MONKS: Hi, Elizabeth.
SMART: Hi.
MONKS: How are you doing?
SMART: I'm good.
MONKS: You mean 'well.'
SMART: What?
MONKS: It's 'I'm well,' not 'I'm good.' That's the correct way to say it.
SMART: Oh, right. Sorry.
MONKS: No biggie. I'm something of a stickler for proper English.
SMART: Okay.
MONKS: So how have things been?
SMART: Things have been great.
MONKS: Oh yeah, how so?
SMART: Well, it's just good being home with my family and friends.
MONKS: Man, don't I know it. I hate being away from my home and family for a long period of time.
SMART: Yes, it's tough.
MONKS: Especially during football season. Sunday just isn't Sunday when you can't watch football in the comfort of your own home. I love veging out in front of the tube in my sweatpants watching the games. Sometimes I even breakout a Fudgesicle and go wild. You know what I mean?
SMART: Not really.
MONKS: Well, whatever then.
SMART: Okay.
(pause)
MONKS: So, John Ritter. Thoughts? Reflections?
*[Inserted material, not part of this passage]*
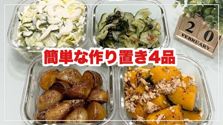 【簡単な作り置き4品】南瓜とツナのホットサラダ/新じゃがの甘辛炒め/胡瓜とわかめの酢の物/キャベツの中華風サラダ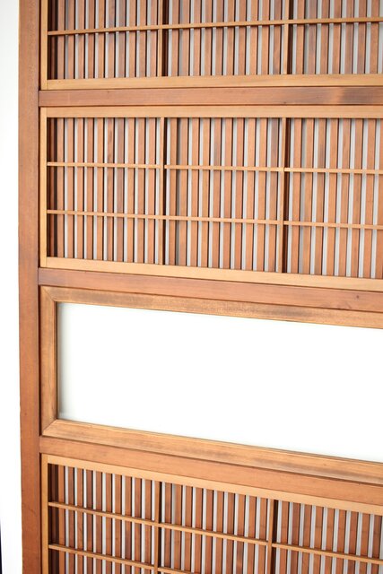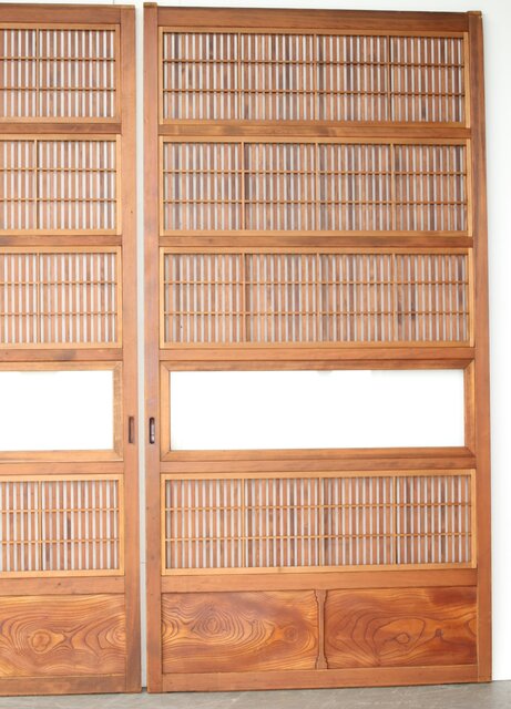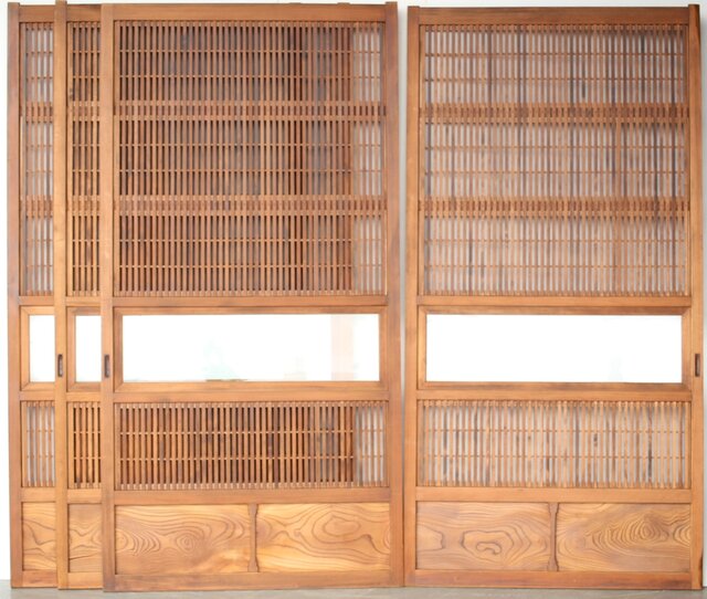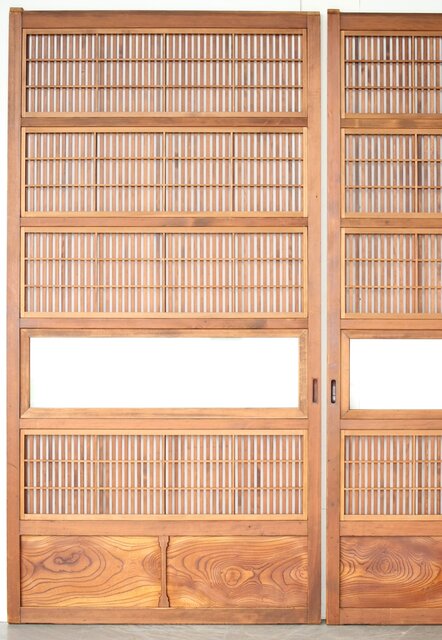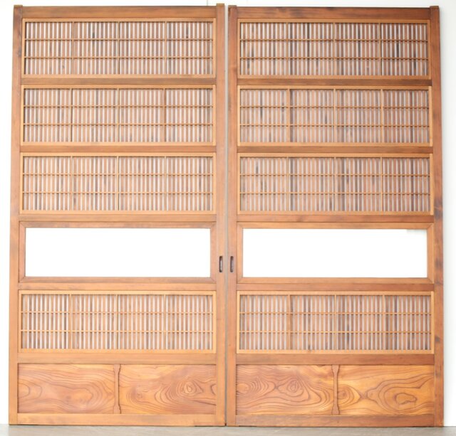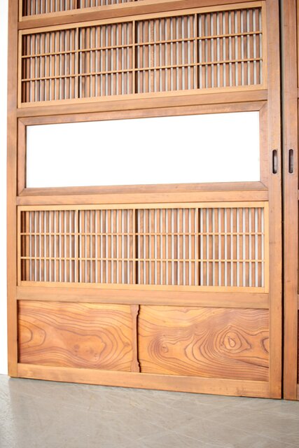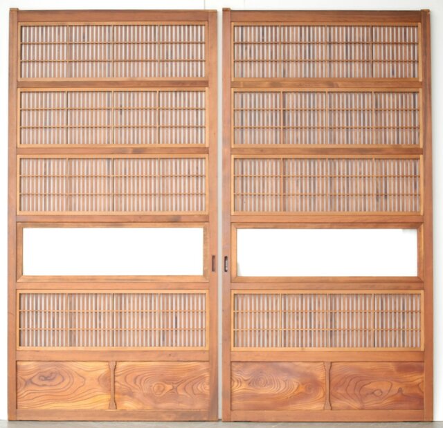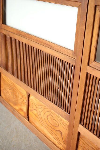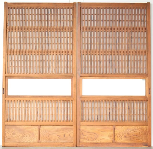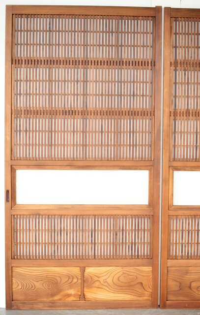 障子枠付 白木格子戸 4枚1組 L1106 腰板は欅 木目が素敵です

SMART: It was sad that he died.
MONKS: Yes, it was.
SMART: Yep.
MONKS: Anything else?
SMART: About what?
MONKS: John Ritter.
SMART: No.
MONKS: That's it?
SMART: I really never watched any of his shows.
MONKS: You're kidding me?
SMART: No, I'm not.
MONKS: You're fucking kidding me?
SMART: No, I'm not.
MONKS: Whatever.
SMART: Okay.
MONKS: Well, like, my next seven questions were about John Ritter. So now I'm sort of screwed.
SMART: Oh.
MONKS: Thanks.
SMART: Sorry.
MONKS: Whatever.
SMART: I'm really sorry.
MONKS: You think you could just play along and pretend you're a big John Ritter fan?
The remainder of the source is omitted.